Il est devenu de bon ton auprès d’une certaine « intelligentsia »
occidentale qui est devenue la gardienne du politiquement correct, de
trouver des excuses à l’impérialisme poutinien. Pour ces « idiots utiles » qui
trouvent les mœurs occidentales urticantes, seuls la terre et le sang n’ont de
valeur. Ils voient dans les événements ukrainiens la main du sionisme et
des néo-Nazis … Faudrait savoir ! Leur vision ethnicisante des faits prétend
donner un fondement quasi-légal aux manœuvres du pouvoir russe.

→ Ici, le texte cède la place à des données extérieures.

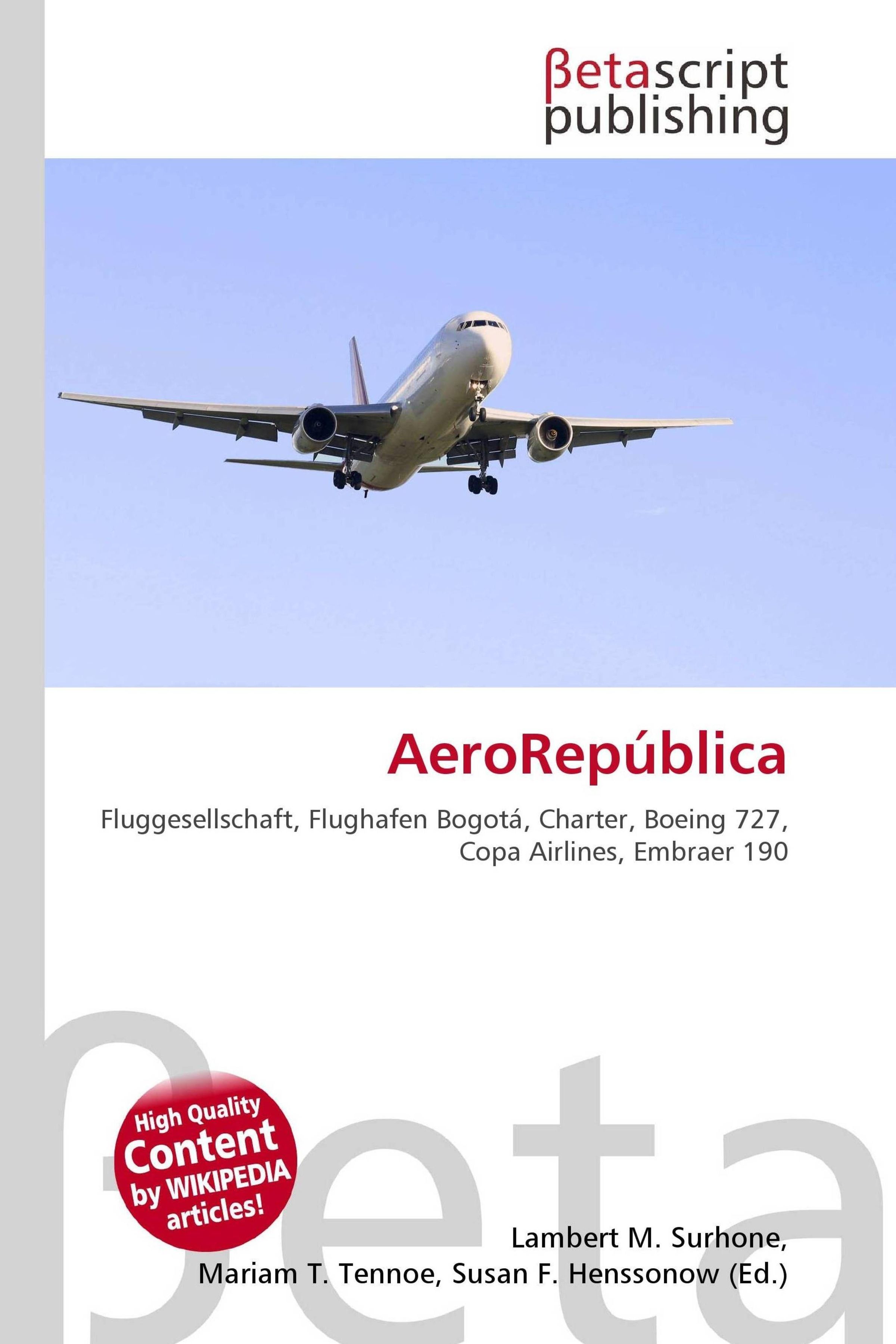 Please note that the content of this book primarily consists of articles available from Wikipedia or other free sources online. AeroRepública ist eine kolumbianische Fluggesellschaft, die ihren Hauptsitz auf dem Flughafen El Dorado International in Bogotá hat. Momentan ist es die zweitgrößte Fluggesellschaft ihres Landes. Geflogen werden nationale Ziele innerhalb Kolumbiens und international nach Zentralamerika, Südamerika und Europa. Als Charter werden mehrere Ziele in den lateinamerikanischen Ländern angeflogen. Die Fluggesellschaft wurde am 23. November 1992 von Amos Ginder und Dr. Alfonso Avila gegründet. Der Betrieb wurde am 19. Juni 1993 mit drei Boeing B727-100 aufgenommen. Als erste Ziele von Bogotá aus wurden Cartagena, Santa Marta und die Insel San Andrés angeflogen. Bis zu diesem Jahr gab es in Kolumbien 25 Jahre lang keine neue Fluggesellschaft. 1997 wurde bekanntgegeben, dass man Flüge in die USA plant, jedoch sind diese Flüge bis heute noch nicht realisiert.

La Crimée est russe ? Admettons ! Dans ce cas Kiev est scandinave (fondée
par les Varègues, Vikings suédois) ; le Belarus, polonais et la Silésie
allemande … !
L’histoire a bon dos pour couvrir les pulsions nationalistes et leurs marques
nauséabondes de pureté raciale. Chacun chez soi et entre soi.
Ce ne sont pas les habitants russophiles de Crimée que Moscou défend.

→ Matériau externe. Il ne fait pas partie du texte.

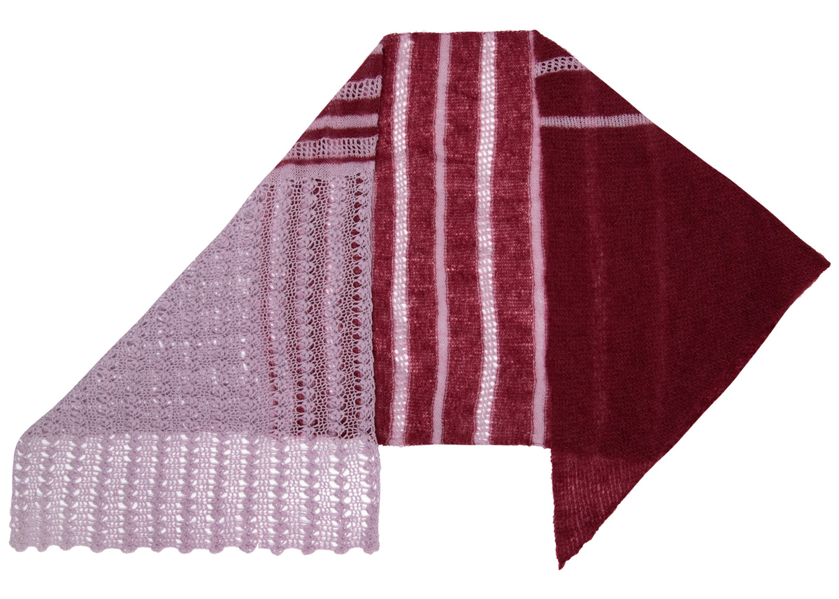 Lana Grossa Cool Wool Lace (100% меринос, длина нити 400 m/50 g), 100 г сирень (цв 15) и Silkhair (70% мохер, 30% шёлк, длина нити 210 m/25 g), 50 г бордо (цв 113); сп. № 5 и 1 крючок № 3,5
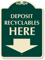 Recycle Here SignatureSign: Deposit Recyclables Here With Downward Arrow K-7851 Learn More...
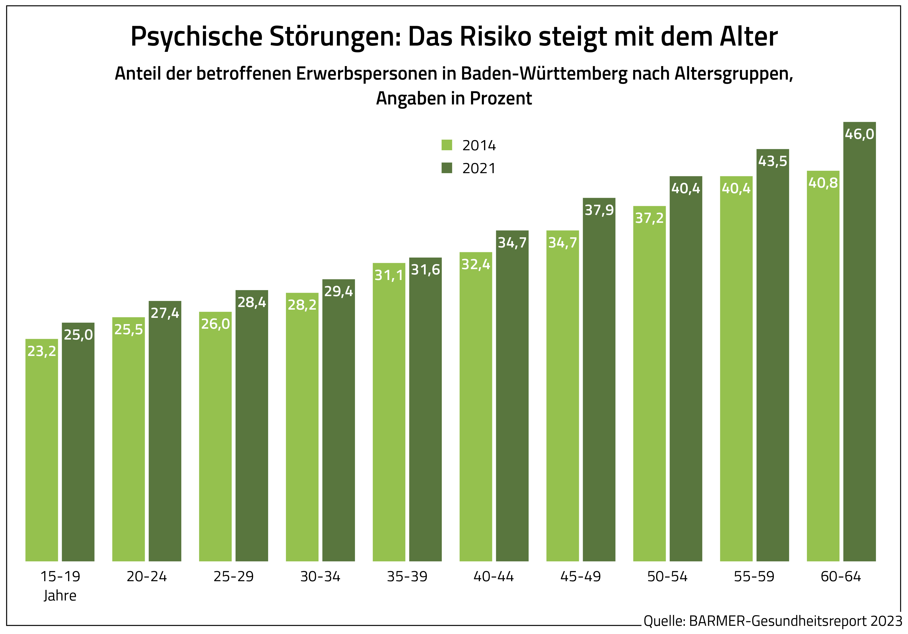 Tatsächlich ist die Depression die psychische Erkrankung, die laut Barmer-Gesundheitsreport am häufigsten festgestellt wurde. Bei fast elf Prozent der baden-württembergischen Erwerbspersonen sei sie im Jahr 2021 erstmals diagnostiziert worden. Mehr als fünf Prozent litten unter einem Rezidiv, also einer wiederkehrenden Depression. Vor allem Ältere seien betroffen. "Eine Depression korreliert mit Umständen, die mit einem höheren Alter einhergehen. Etwa Krankheiten oder Todesfällen. Außerdem wird die berufliche Belastung im Alter stärker wahrgenommen, das kann auch eine Rolle spielen", sagt Barmer-Landeschef Winfried Plötze. Zudem würden die psychischen Störungen das Renteneintrittsalter senken. Bei der Deutschen Rentenversicherung Baden-Württemberg seien im letzten Jahr rund 36 Prozent der Anträge auf eine Erwerbsminderungsrente mit einer psychischen Erkrankung begründet worden. Bundesweit liege die Quote bei 42,3 Prozent. Dadurch würden die Unternehmen zusätzlich Arbeitskräfte verlieren, die ihnen schon jetzt fehlten.
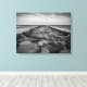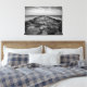 Detta är ett originalfotografi av svart och vitt som fotografen Tim Prist längs New jersey kusten. Det här fotot har en stor pipa som ser oändlig ut medan det släta och silkesaktiga havet lätt sprejer mot sten. Milda moln är över horisonten för att skapa en lugn och stillastående scen. Den här duken är ett vackert biet av konst som passar vilken dekoration som helst och som kan ge perfekten till dig själv eller till vem som helst som kärlek stranden.
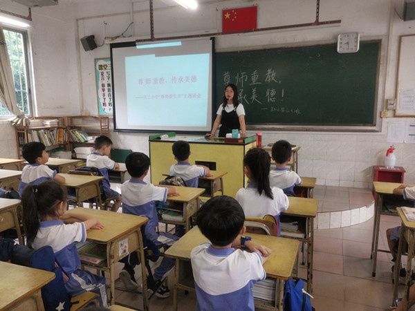 打印 |今年是我国第36个教师节,尊师重教是社会美德,是中华民族的优良传统,为了使学生了解我国素有“尊师重教”的传统,激发同学们对老师的热爱之情,古镇镇古二小学于2020年9月14日开展了关于“尊师重教,传承美德”的主题教育班会活动。
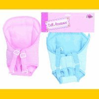 Baby doll fron doll carrier with adjustable straps holds up to a 21 doll Packed in a 17 x 10 bag with header Front doll carrier comes in pink or blue Adjustable strap to fit any size child Holds up to a 21 doll Read More..

Sinon, Vladimir Poutine ne se risquerait pas à supporter le coût très lourd
du rattachement de la Crimée à la Fédération de Russie ; sinon il se
préoccuperait du bien-être économique et social des Russes de la Volga ou
de Sibérie. Non, il s’agit bien de la terre et du désir maladif de la posséder.
La Mère-Patrie, la Terre-Patrie est, comme disait le philosophe russe
Mikhaïl Bakounine, « cet autel de la religion politique sur lequel la société
est toujours immolée ». Et tant pis si ce désir de possession n’est qu’un
miroir aux alouettes, symptôme plutôt d’une existence morne, d’une
apathie sociale et d’une économie moribonde. Partout dans le monde, cette
glorification de « la terre nationale » est à l’œuvre. Vladimir en est l’un des
serviteurs les plus appliqués, surtout si personne ne l’empêche de s’arrêter
en si « bon » chemin.
Un jour de juin 1940, le maréchal Philippe Pétain, potentat français et
auxiliaire zélé des Nazis, eut ces mots : « La terre ne ment pas. Elle demeure
votre recours, elle est la Patrie elle-même. » Si ! Elle ment ! Le 15 mars
2014, quelque 50.000 Russes ont défilé dans les rues de Moscou pour
manifester leur dégoût de ce que le Kremlin commet en leur nom. Respect.